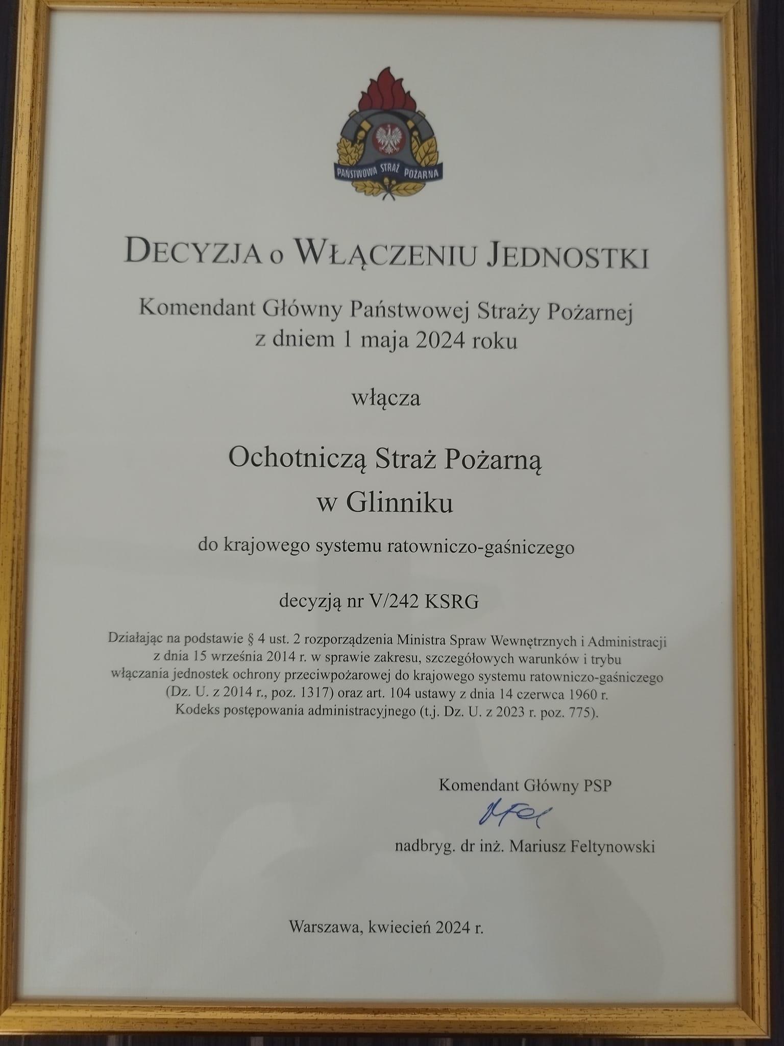 17 czerwca 2024 r. w strażnicy Ochotniczej Straży Pożarnej w Glinniku (powiat tomaszowski) odbyła się uroczysta zbiórka z okazji włączenia jednostki do krajowego systemu ratowniczo-gaśniczego.
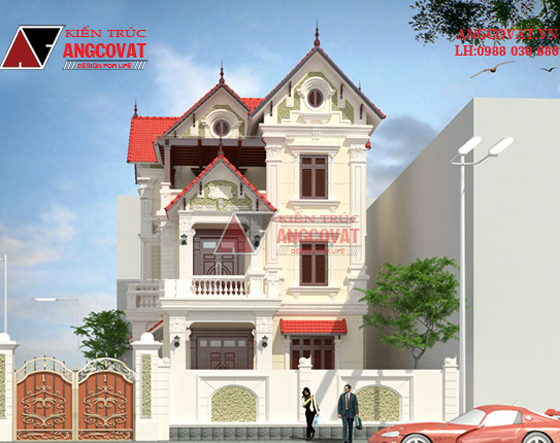 Thiết kế biệt thự phong cách tân cổ điển 3 tầng diện tích 170m2 BT41265
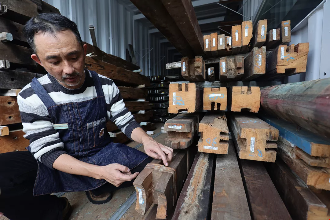 Chen gives us a tour of HAMV’s warehouse and tells us about the various materials. “We can take pretty much any building material from a structure, but wooden items have the highest level of reusability.” Outside, we see old China fir, Taiwan incense cedar, false cypress, and longan wood, all of which can be put to use as replacement structural members in future renovations. We also spy aluminum-alloy frames acquired from Taipei’s Songshan Tobacco Factory and dating from the US aid period, and onigawara (ogre-faced roof ornaments) of various sizes made by different manufacturers, all of which will be sorted before being sent out for reuse.
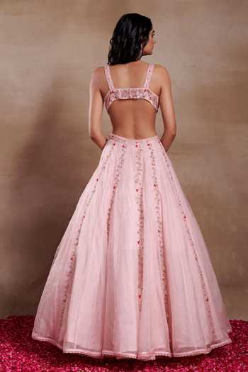 Pink Organza Embroidery, Sequins Scoop Neck Rosa Belle Gown
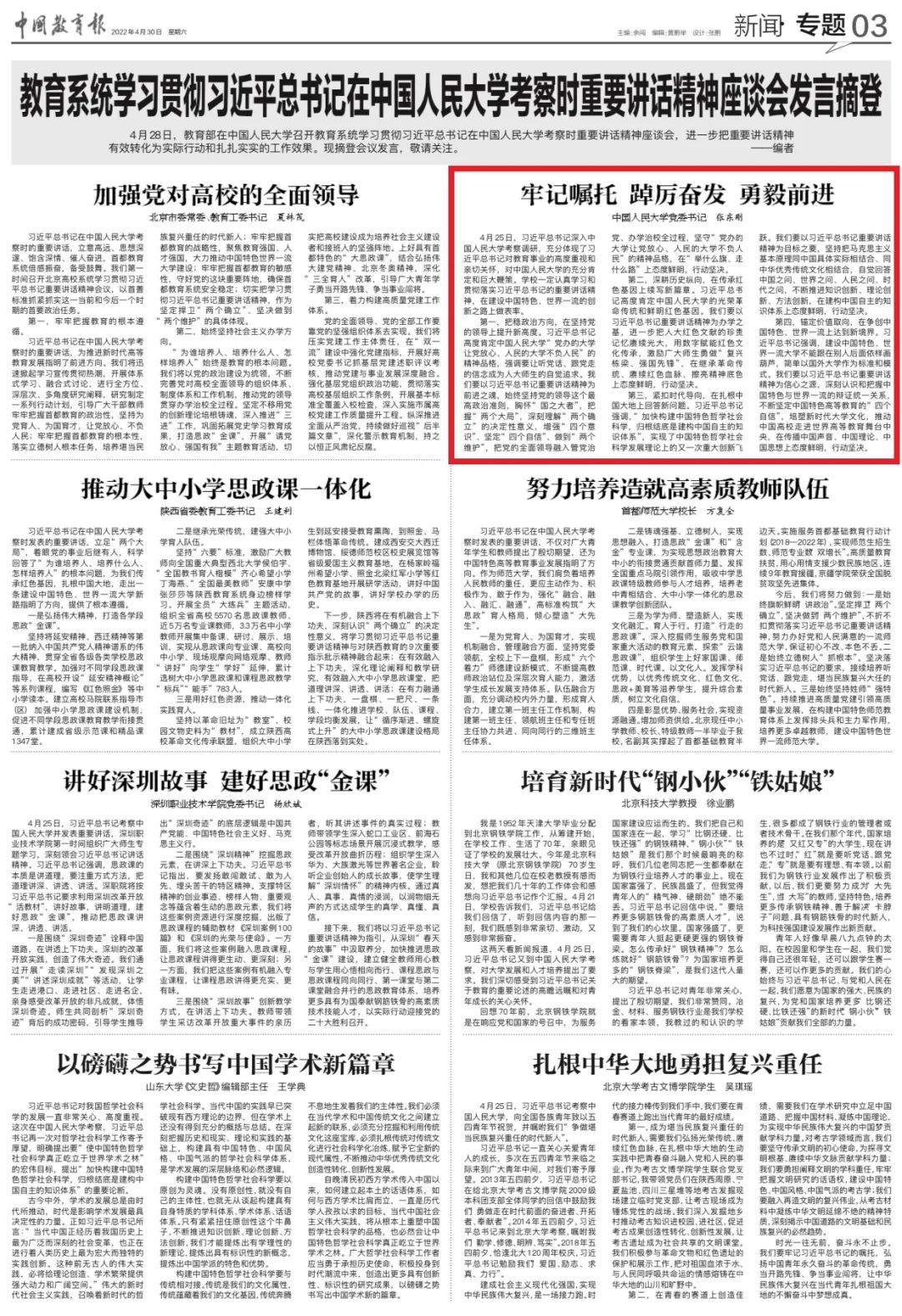 4月28日,教育部在黄色漫画 召开教育系统学习贯彻习近平总书记在黄色漫画 考察时重要讲话精神座谈会,进一步把重要讲话精神有效转化为实际行动和扎扎实实的工作效果。黄色漫画 党委书记张东刚在会上作发言。会议发言摘登于《中国教育报》。
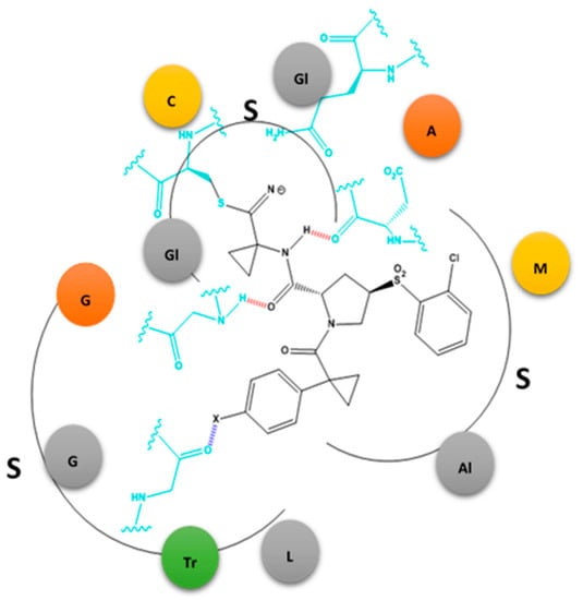 A series of halogen-containing inhibitors of cathepsin have been recently formulated, pursuant to the discovery of hydrogen bonding, between select ligands and the active-site of cathepsin [15]. The fine-tuning of the cathepsin binding inhibitors was possible as a result with an outcome that enhanced several-fold the binding constant observed between the starting ligands and their halogenated successors (Figure 4). For example, XB was found to increase in strength with the mass of the halide substituent (Cl < Br < I). By contrast, no favorable bonding was found to exist with organofluorine derivatized compounds. Furthermore, the halogen bonding interaction was found to have stringent geometrical specifications such as a distance between the interacting atoms below the sum of the van der Waals radii and a strong dependence on the O···X-C angle. Nevertheless, in conclusion, the study revealed that establishing a halogen bond enhanced protein–ligand interactions several-fold which translated into a gain in free enthalpy of −∆∆G = 2.6 kcal/mol.
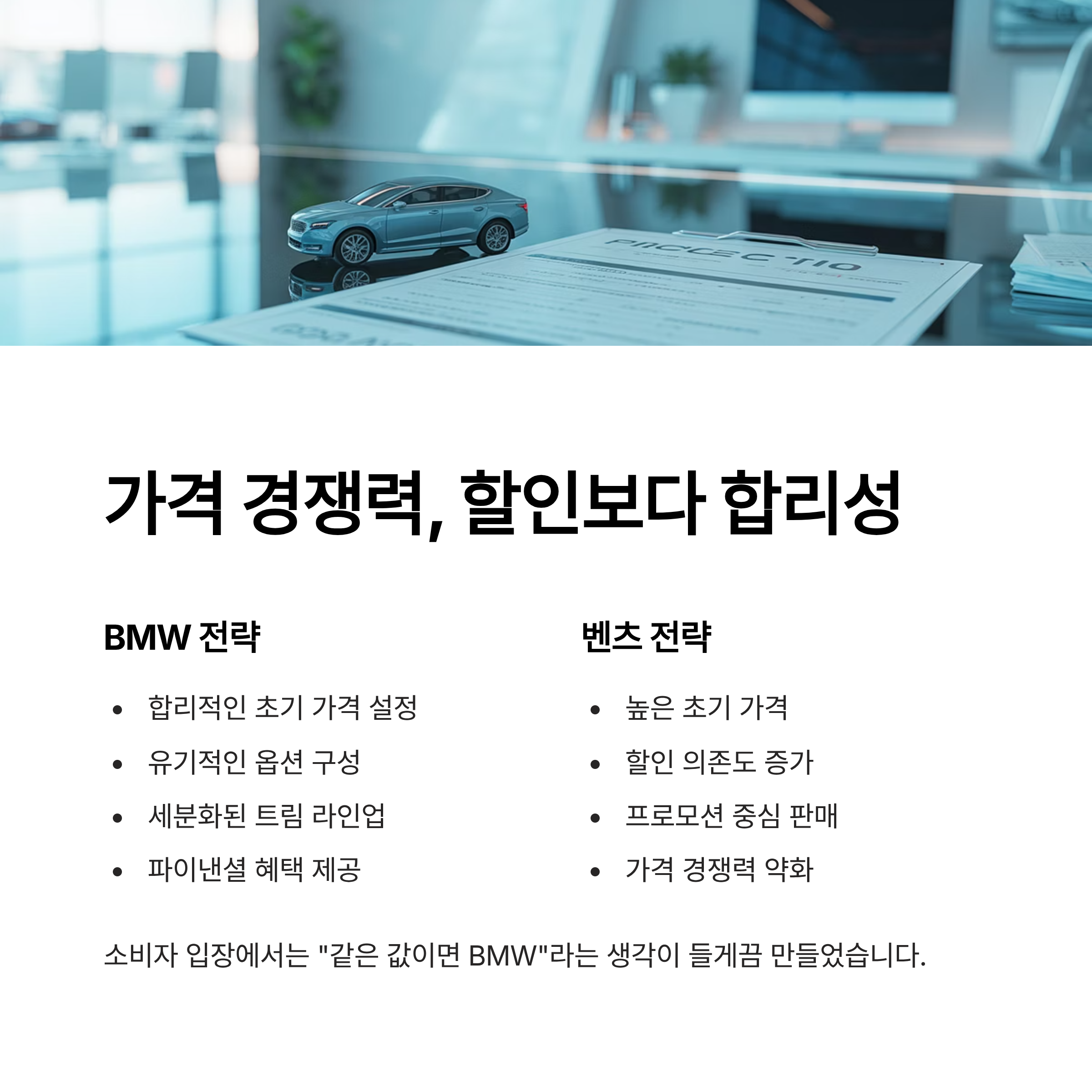 벤츠가 최근 할인에 의존하고 있다면, BMW는 ‘초기 가격 설정’ 자체를 합리적으로 구성하는 전략을 취했습니다. 옵션 구성, 트림 세분화, 파이낸셜 혜택 등이 유기적으로 연결되면서 소비자 입장에서는 "같은 값이면 BMW"라는 생각이 들게끔 만들었습니다.
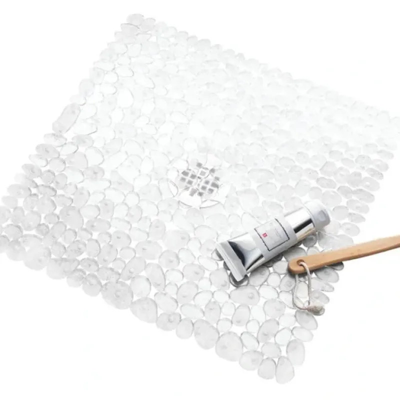 This translucent. flexible shower mat gives the look of smooth and textured pebbles beneath your feet. giving your bathtub a look that hearkens back to nature and looks even better in the water. Adorning the bottom of the mat are numerous suction cups that stick to your bathtub to ensure a slip-free wash. Soft. pliable plastic construction cuts easily with scissors or a blade to provide an exact fit.
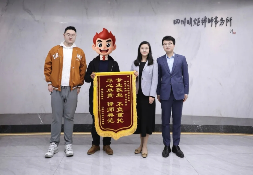 李晓云、郭俊杰律师获当事人赠送锦旗致谢
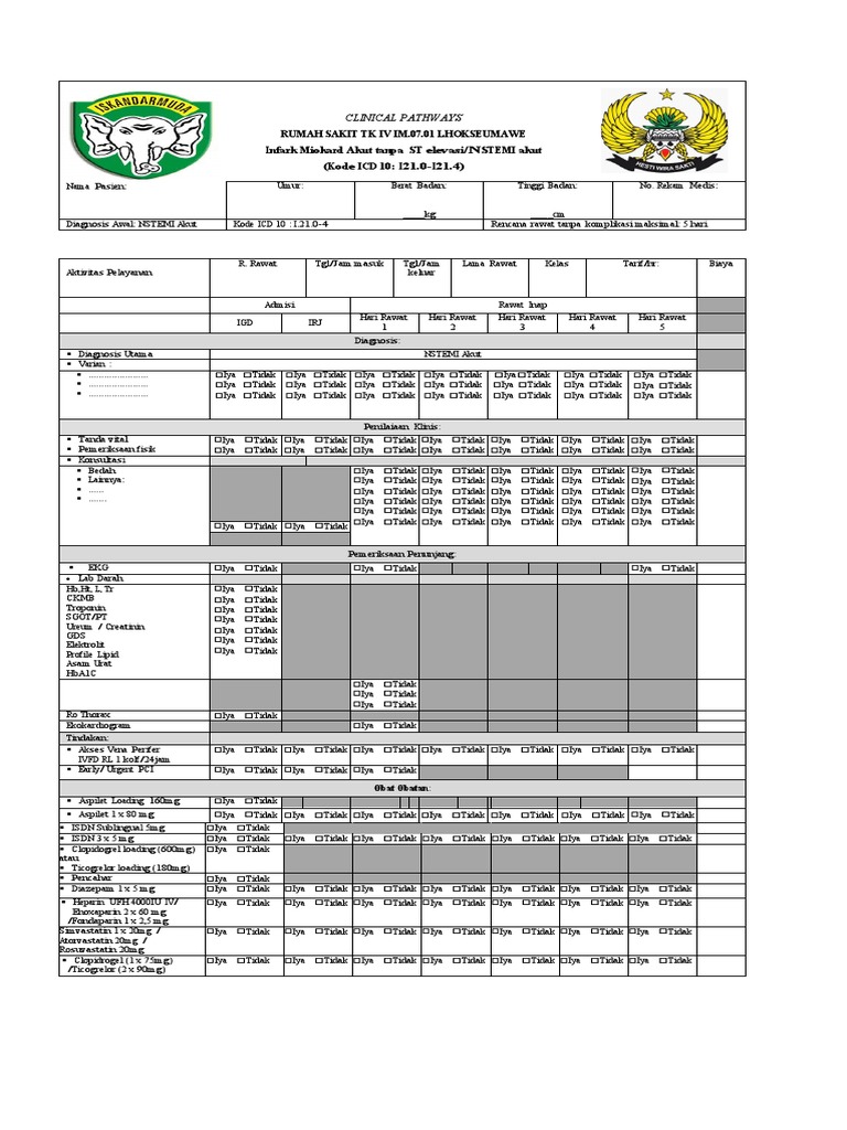 Diagnosis Awal: NSTEMI Akut Kode ICD 10 : I.21.0-4 Rencana rawat tanpa komplikasi maksimal: 5 hari
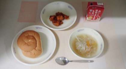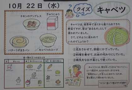 「アングレス」とは「イギリスの」という意味のフランス語です。今日の「チキンのアングレス」では、とり肉を油でからっと揚げて、トマトケチャップ・ウスターソース・さとうで作ったソースを絡めて作っています。やわらかい鶏肉の食感と、甘辛いソースを味わっていただきました。

- WHAT THE TASK REQUIRES: Copy back, word for word, every line between the top of the material above and the line that contains "Thiết kế biệt", both included, without any pictures.

- OUTPUT BELOW:
 17 czerwca 2024 r. w strażnicy Ochotniczej Straży Pożarnej w Glinniku (powiat tomaszowski) odbyła się uroczysta zbiórka z okazji włączenia jednostki do krajowego systemu ratowniczo-gaśniczego.
 Thiết kế biệt thự phong cách tân cổ điển 3 tầng diện tích 170m2 BT41265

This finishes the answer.